— EXERCISE DESCRIPTION —
Omit the pictures and output exactly the lines from the start of the entries through the line containing "남성용 아웃도어 바지".

[Records from a data source]
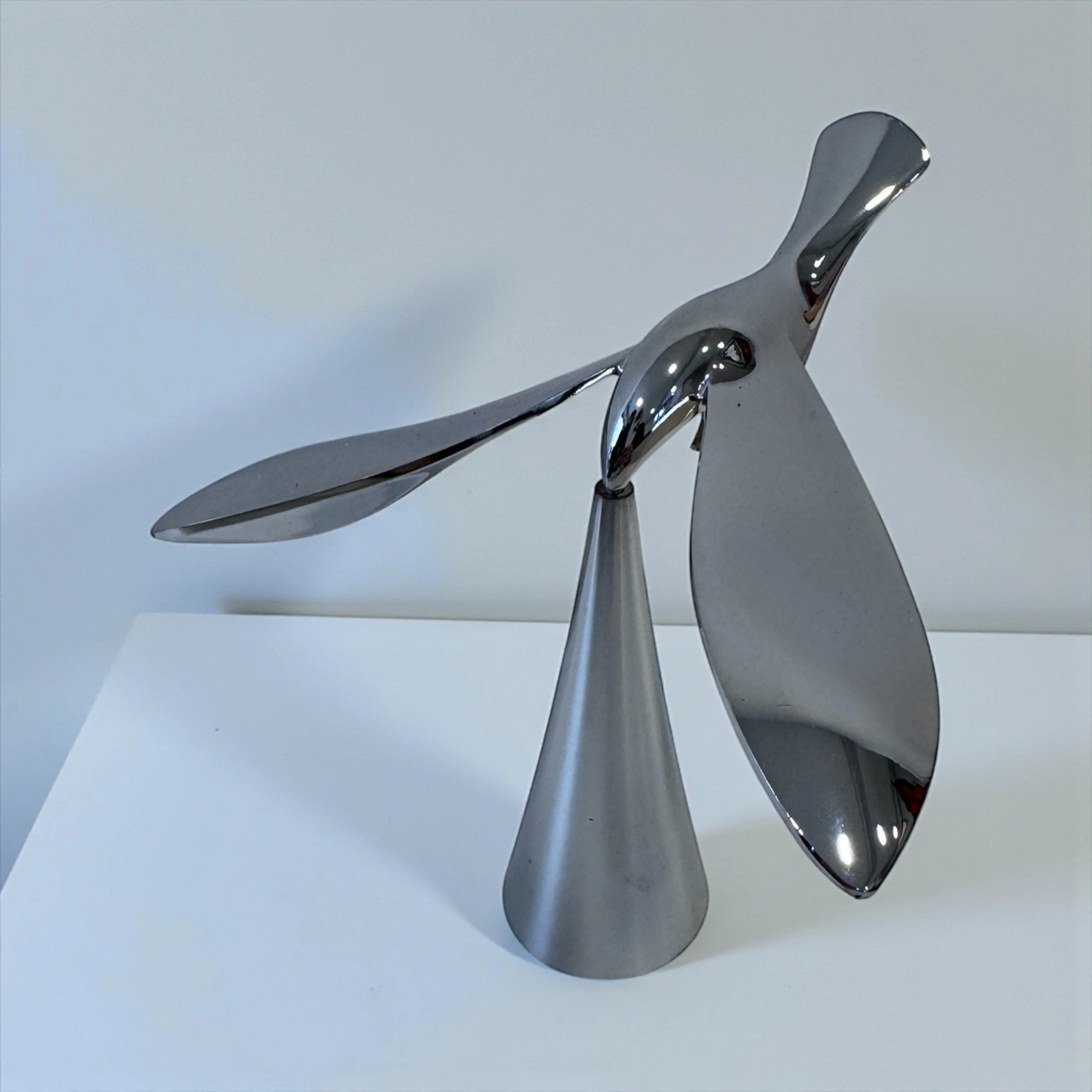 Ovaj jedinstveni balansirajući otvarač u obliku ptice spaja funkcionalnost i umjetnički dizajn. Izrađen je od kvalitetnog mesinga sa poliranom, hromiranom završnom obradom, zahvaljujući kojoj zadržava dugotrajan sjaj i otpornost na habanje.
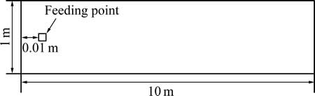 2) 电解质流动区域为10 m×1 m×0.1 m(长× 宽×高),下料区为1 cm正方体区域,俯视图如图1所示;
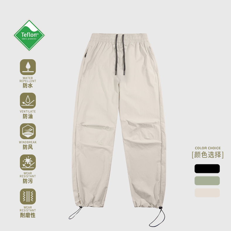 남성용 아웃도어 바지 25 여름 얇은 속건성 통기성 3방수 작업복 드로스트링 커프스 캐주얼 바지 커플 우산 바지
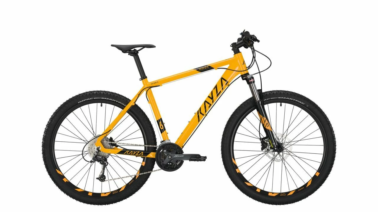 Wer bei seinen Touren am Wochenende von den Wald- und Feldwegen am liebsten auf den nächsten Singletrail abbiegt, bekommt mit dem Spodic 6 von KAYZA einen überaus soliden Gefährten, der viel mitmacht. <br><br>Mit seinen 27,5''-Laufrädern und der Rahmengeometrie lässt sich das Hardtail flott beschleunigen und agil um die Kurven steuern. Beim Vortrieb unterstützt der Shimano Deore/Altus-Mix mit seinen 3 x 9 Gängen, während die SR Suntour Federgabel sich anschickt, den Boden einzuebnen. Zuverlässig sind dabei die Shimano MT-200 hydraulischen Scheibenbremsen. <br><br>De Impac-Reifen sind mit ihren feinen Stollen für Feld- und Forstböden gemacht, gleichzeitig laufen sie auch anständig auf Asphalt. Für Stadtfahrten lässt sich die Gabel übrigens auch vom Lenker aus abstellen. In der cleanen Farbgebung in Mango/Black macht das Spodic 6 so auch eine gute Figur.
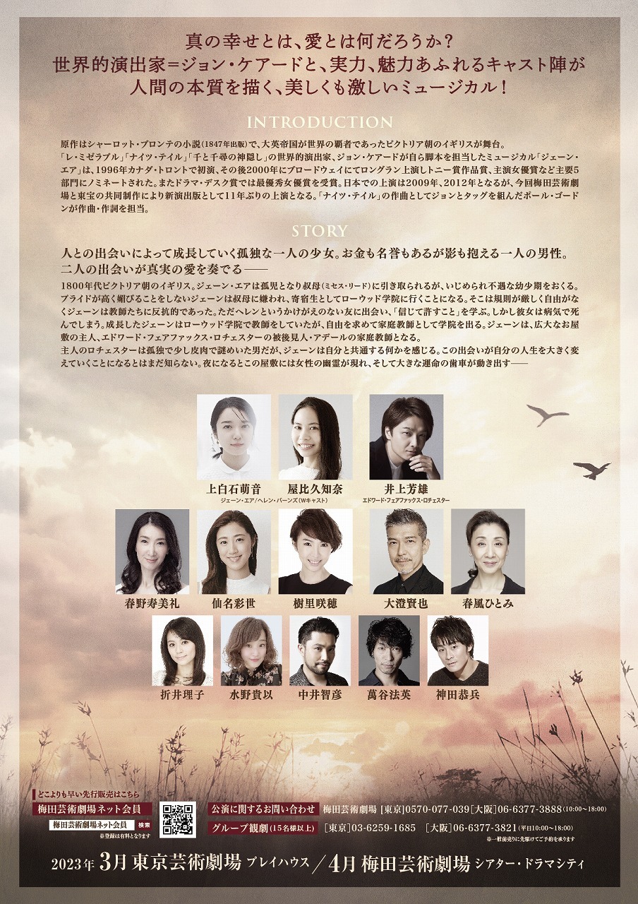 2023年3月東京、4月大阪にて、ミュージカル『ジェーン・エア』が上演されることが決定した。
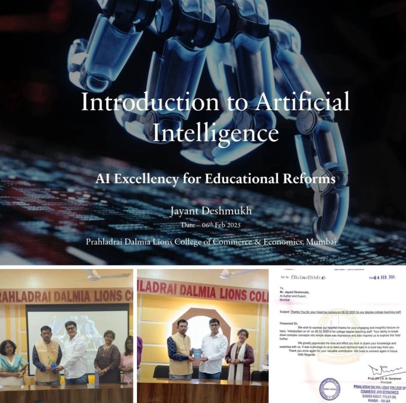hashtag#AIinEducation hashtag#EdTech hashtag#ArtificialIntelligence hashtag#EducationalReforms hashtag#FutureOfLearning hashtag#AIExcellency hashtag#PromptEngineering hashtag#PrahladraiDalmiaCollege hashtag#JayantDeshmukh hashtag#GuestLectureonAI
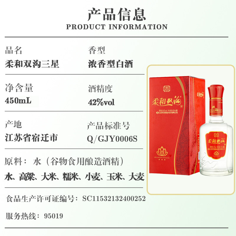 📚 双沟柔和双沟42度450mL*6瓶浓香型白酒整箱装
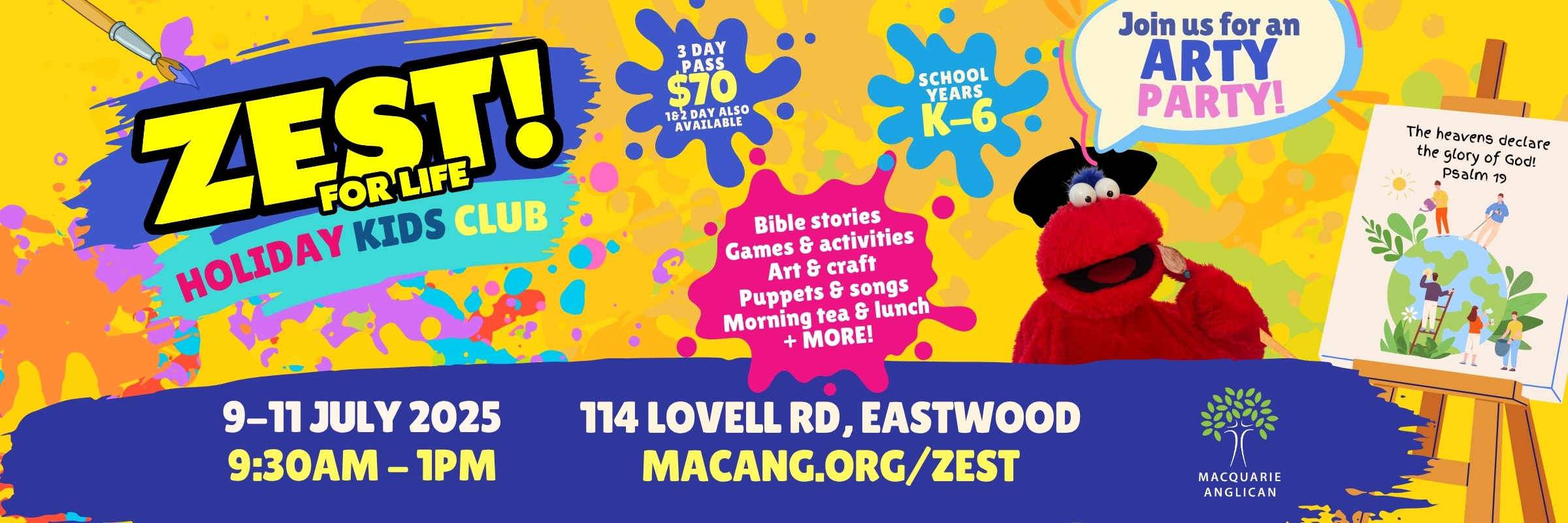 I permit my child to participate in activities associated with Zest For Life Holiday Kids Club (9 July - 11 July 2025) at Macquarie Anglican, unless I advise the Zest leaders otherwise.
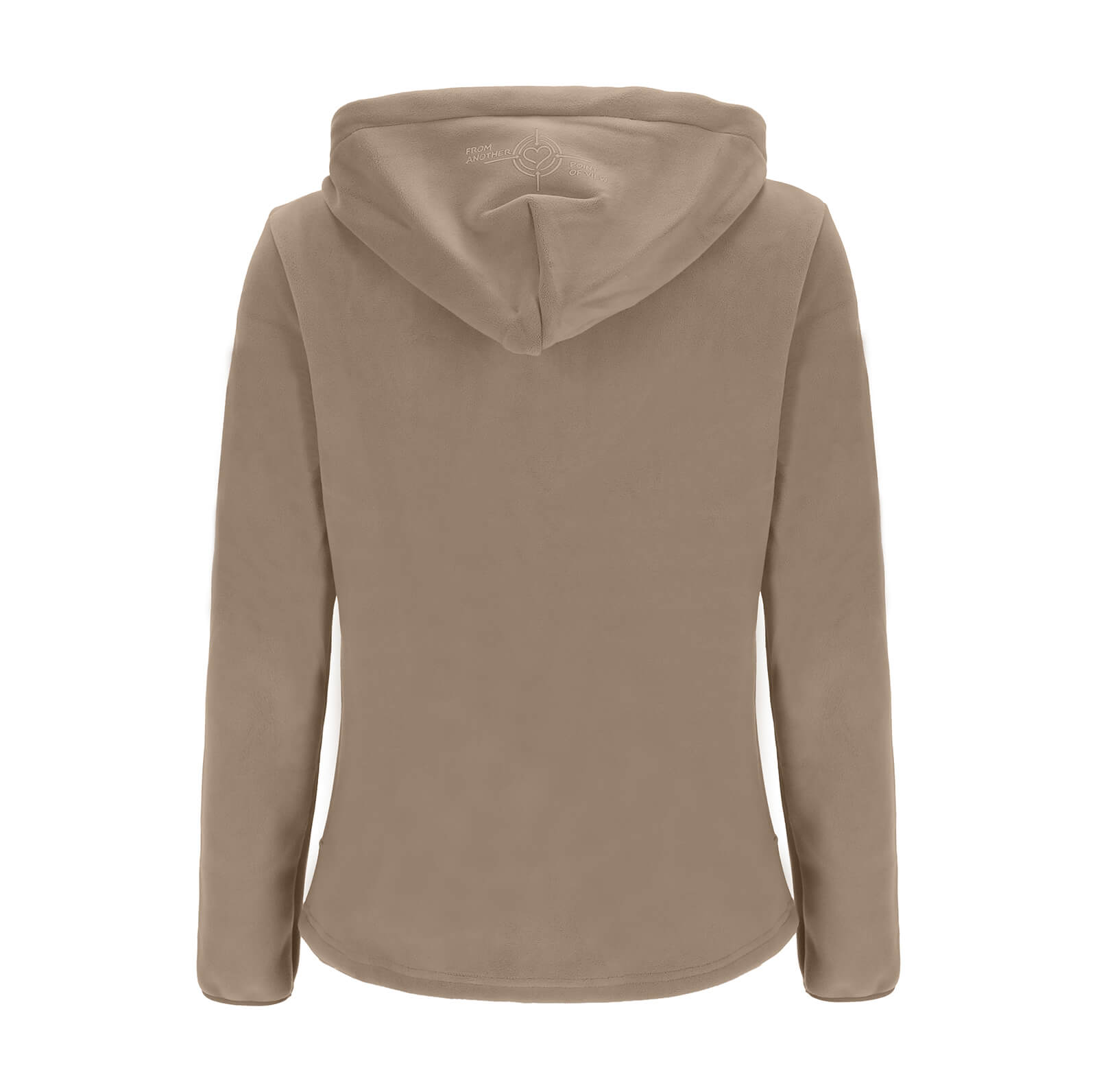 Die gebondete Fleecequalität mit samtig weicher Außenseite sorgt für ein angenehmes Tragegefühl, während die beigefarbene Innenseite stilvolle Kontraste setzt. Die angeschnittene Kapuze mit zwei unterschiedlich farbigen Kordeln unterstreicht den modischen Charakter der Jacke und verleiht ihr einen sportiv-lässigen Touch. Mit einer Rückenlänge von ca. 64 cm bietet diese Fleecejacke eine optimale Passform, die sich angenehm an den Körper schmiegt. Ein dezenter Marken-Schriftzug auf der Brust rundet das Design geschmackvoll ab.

— OUTPUT OF THE TASK —
 Ovaj jedinstveni balansirajući otvarač u obliku ptice spaja funkcionalnost i umjetnički dizajn. Izrađen je od kvalitetnog mesinga sa poliranom, hromiranom završnom obradom, zahvaljujući kojoj zadržava dugotrajan sjaj i otpornost na habanje.
 2) 电解质流动区域为10 m×1 m×0.1 m(长× 宽×高),下料区为1 cm正方体区域,俯视图如图1所示;
 남성용 아웃도어 바지 25 여름 얇은 속건성 통기성 3방수 작업복 드로스트링 커프스 캐주얼 바지 커플 우산 바지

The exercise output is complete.